--- START ---

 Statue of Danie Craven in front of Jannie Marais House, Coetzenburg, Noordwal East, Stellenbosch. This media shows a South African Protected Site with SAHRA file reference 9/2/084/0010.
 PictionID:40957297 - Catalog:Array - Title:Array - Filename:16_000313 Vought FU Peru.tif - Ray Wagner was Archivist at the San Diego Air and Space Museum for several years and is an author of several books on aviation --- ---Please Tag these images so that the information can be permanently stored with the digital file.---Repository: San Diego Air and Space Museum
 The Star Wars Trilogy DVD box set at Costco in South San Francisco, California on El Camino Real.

--- END ---
--- START ---

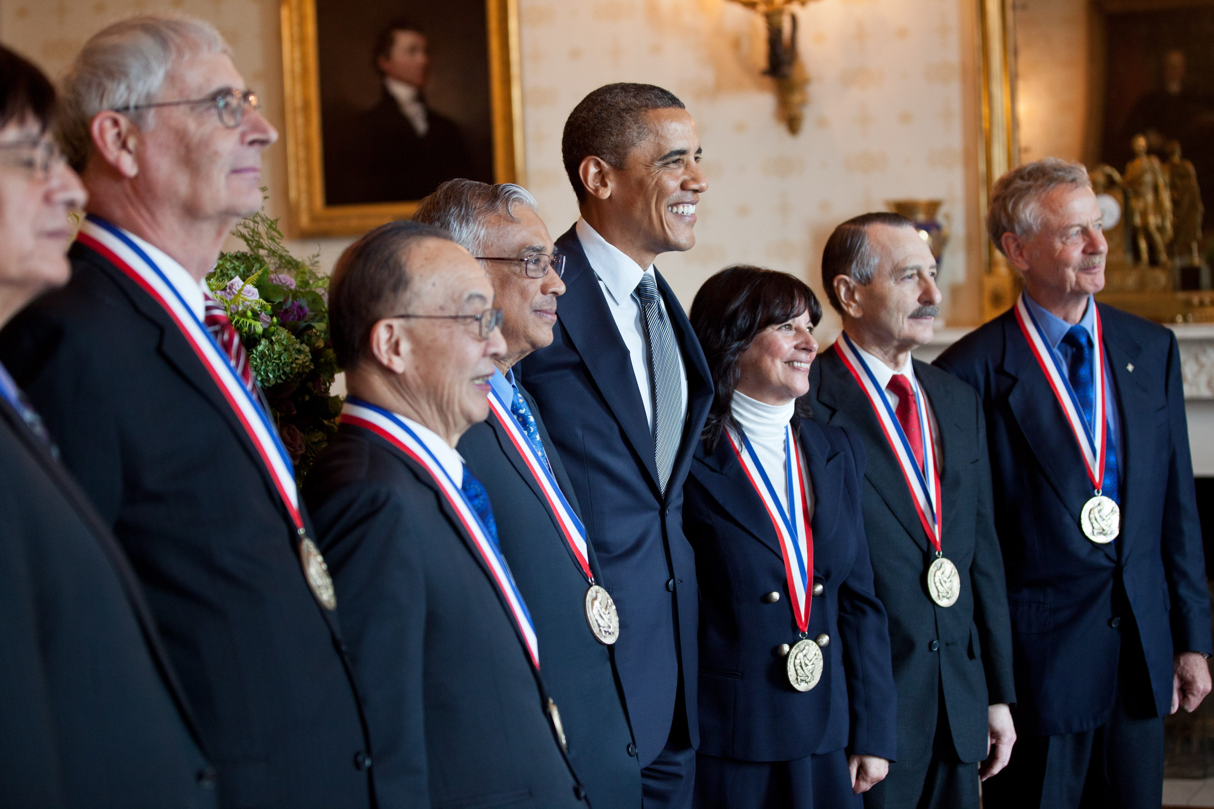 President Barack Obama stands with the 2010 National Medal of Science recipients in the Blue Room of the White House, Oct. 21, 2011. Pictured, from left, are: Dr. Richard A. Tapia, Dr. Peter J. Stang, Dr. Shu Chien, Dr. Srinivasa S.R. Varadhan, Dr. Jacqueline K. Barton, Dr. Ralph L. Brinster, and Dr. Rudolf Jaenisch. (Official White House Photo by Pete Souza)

--- END ---

Where the listing above reaches the line that contains "Statue of Danie", start retyping, and finish with the line that contains "PictionID:40957297 - Catalog:Array"; reproduce those lines exactly and no others.

 Statue of Danie Craven in front of Jannie Marais House, Coetzenburg, Noordwal East, Stellenbosch. This media shows a South African Protected Site with SAHRA file reference 9/2/084/0010.
 PictionID:40957297 - Catalog:Array - Title:Array - Filename:16_000313 Vought FU Peru.tif - Ray Wagner was Archivist at the San Diego Air and Space Museum for several years and is an author of several books on aviation --- ---Please Tag these images so that the information can be permanently stored with the digital file.---Repository: San Diego Air and Space Museum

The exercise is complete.